On the other hand, USNA attracts the interest of lots of short sellers, as the following chart shows:
Like Herbalife (the subject of a major announcement by guru and short seller Bill Ackman, Pershing Square Capital Management, on July 22, 2014), Usana uses multi-level marketing (also called MLM or network marketing) to drive its sales. And like Herbalife, Usana has many critics who say MLM will will be - or should be - the death of it.
So, what is Usana Health Sciences and what should we know about it? More specifically, is this a true value opportunity? We'll try to answer that question in this article.
- 1992: company founded by Dr. Myron Wentz, a microbiologist and immunologist, to manufacture nutritional supplements, foods, and personal-care products;
- 1996: listed on NASDAQ;
- 2004: listed on S&P Small Cap 600 Index;
- 2010: receives license to begin operating BabyCare in China;
- 2011: begins trading on the New York Stock Exchange (NYSE);
- 2013: begins operating in Colombia, its 19th international market.

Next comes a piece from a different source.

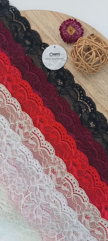 Lace TypeGalloon Laces are distinguished by having scallops or having other shape designs on both edges. They are mostly symmetrical and available in many widths, making them one of the most versatile lace types. These laces are usually elastic and stretchy. So you want to use some lace for something? Get yourself some Galloon laces! |

This history based on information provided at the Usana website.
Usana's Business Model
Research, develop, and sell proprietary products;
Focus on products that promote long-term health and reduce the risk of chronic degenerative disease;
Market those products through direct sales by independent, commissioned sales people (like Tupperware, for example). It reports that it prefers this approach because, "We believe that network marketing is an effective way to distribute our products because it allows person-to-person product education and testimonials, as well as higher levels of customer service, all of which are not as readily available through other distribution channels."
The company has two types of 'customers': ‘‘Associates’’ and ‘‘Preferred Customers.’’;
Associates are independent distributors and consumers of products; they number 265,000 worldwide; new Associates must purchase a starter kit at cost at a cost of about $30.00 and meet modest monthly sales quotas;
Preferred Customers purchase products strictly for personal use and are not permitted to resell or to distribute the products; 78,000 worldwide;
Customers must pay when they purchase products, minimizing accounts receivable for Usana;
32% of revenue in 2013 came from Auto Order, a monthly subscription program;
Sales are segmented by region: (1) North America and Europe and (2) Asia Pacific (the latter is further subdivided); The following shows sales for the respective regions and subregions:
In 2013, just over 78% of sales came from markets outside the U.S.A.
Based on information in the 10-K report for 2013.
"Our primary objective, both on a short- and long-term basis, is to strengthen and grow our active customer counts throughout the world." Initiatives to drive that objective include the following:
- simplification of the pricing structure (including an overall 10% price reduction),
- increasing compensation for newer Associates, and changing the commission qualification requirements;
- market-specific strategies included a price reduction in several of its mature markets.
The company reports these initiatives "created pressure on our operating results" but that targeted metrics have improved as a result.
Ongoing international development is aimed at finding new customers in currently untapped markets.
It does some online selling, but apparently does not plan to grow the business that way; and, has restricted online cross-border sales.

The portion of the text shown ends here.